- INSTRUCTIONS TO FOLLOW -
The answer is the exact run of lines in the listing below from the line containing "アサヒ飲料LINE公式アカウ" up to and including the line containing "laureate, draped and", with pictures removed.

- EXTRACTED MATERIAL -
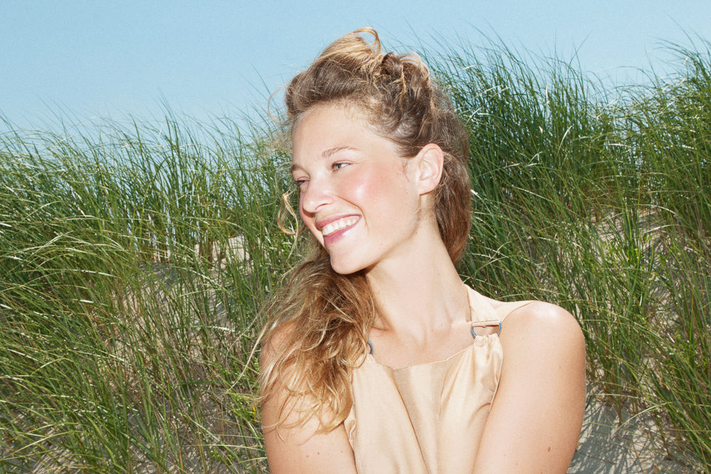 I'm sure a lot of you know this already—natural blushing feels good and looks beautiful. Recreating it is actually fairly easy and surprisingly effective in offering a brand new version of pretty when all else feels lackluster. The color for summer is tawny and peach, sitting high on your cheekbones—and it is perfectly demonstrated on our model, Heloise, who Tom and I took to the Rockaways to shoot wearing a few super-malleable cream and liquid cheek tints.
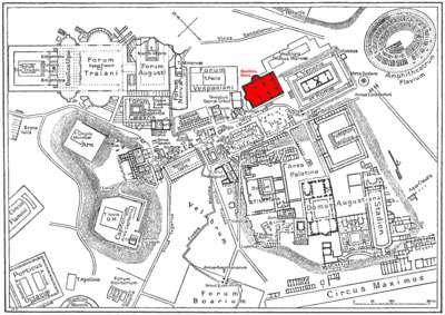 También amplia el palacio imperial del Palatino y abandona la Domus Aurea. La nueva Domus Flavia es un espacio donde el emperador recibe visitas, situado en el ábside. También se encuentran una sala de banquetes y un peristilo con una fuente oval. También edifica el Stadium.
...
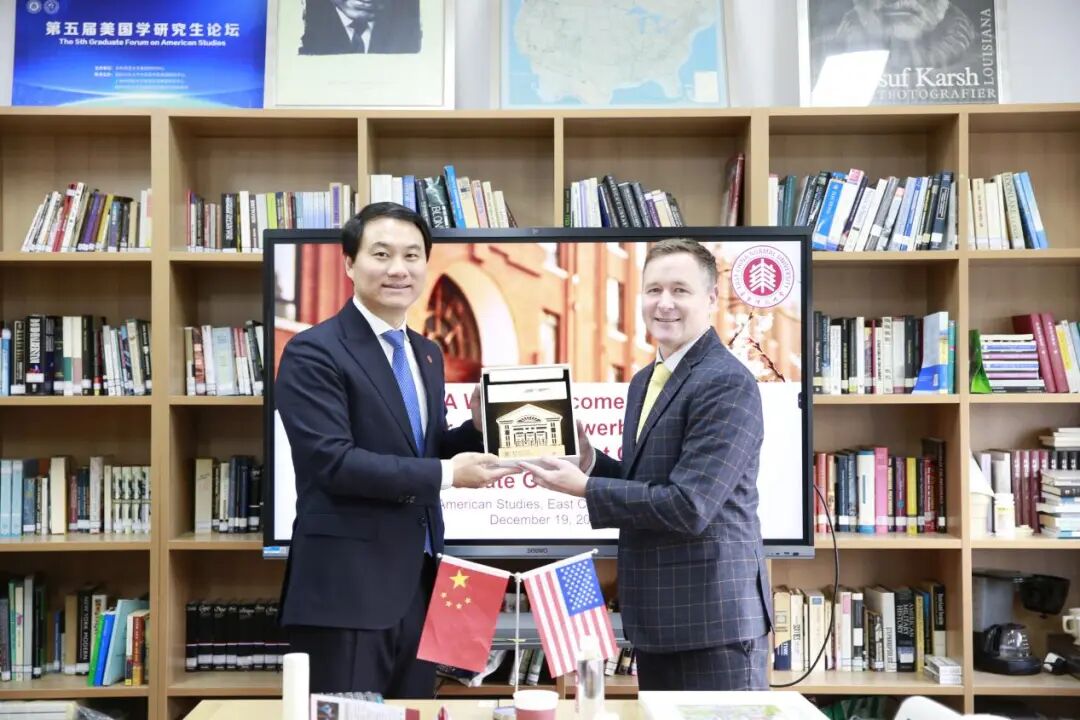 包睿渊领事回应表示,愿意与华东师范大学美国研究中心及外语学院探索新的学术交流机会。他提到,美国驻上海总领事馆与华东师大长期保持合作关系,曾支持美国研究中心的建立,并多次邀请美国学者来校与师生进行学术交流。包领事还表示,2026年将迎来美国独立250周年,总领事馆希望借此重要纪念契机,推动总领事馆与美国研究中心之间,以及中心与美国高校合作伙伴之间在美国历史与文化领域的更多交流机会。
...
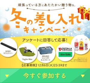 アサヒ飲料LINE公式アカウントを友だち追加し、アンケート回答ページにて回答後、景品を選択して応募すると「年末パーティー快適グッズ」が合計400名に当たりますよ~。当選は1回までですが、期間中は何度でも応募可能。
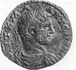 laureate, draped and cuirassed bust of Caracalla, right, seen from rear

- TASK RESULT -
 アサヒ飲料LINE公式アカウントを友だち追加し、アンケート回答ページにて回答後、景品を選択して応募すると「年末パーティー快適グッズ」が合計400名に当たりますよ~。当選は1回までですが、期間中は何度でも応募可能。
 laureate, draped and cuirassed bust of Caracalla, right, seen from rear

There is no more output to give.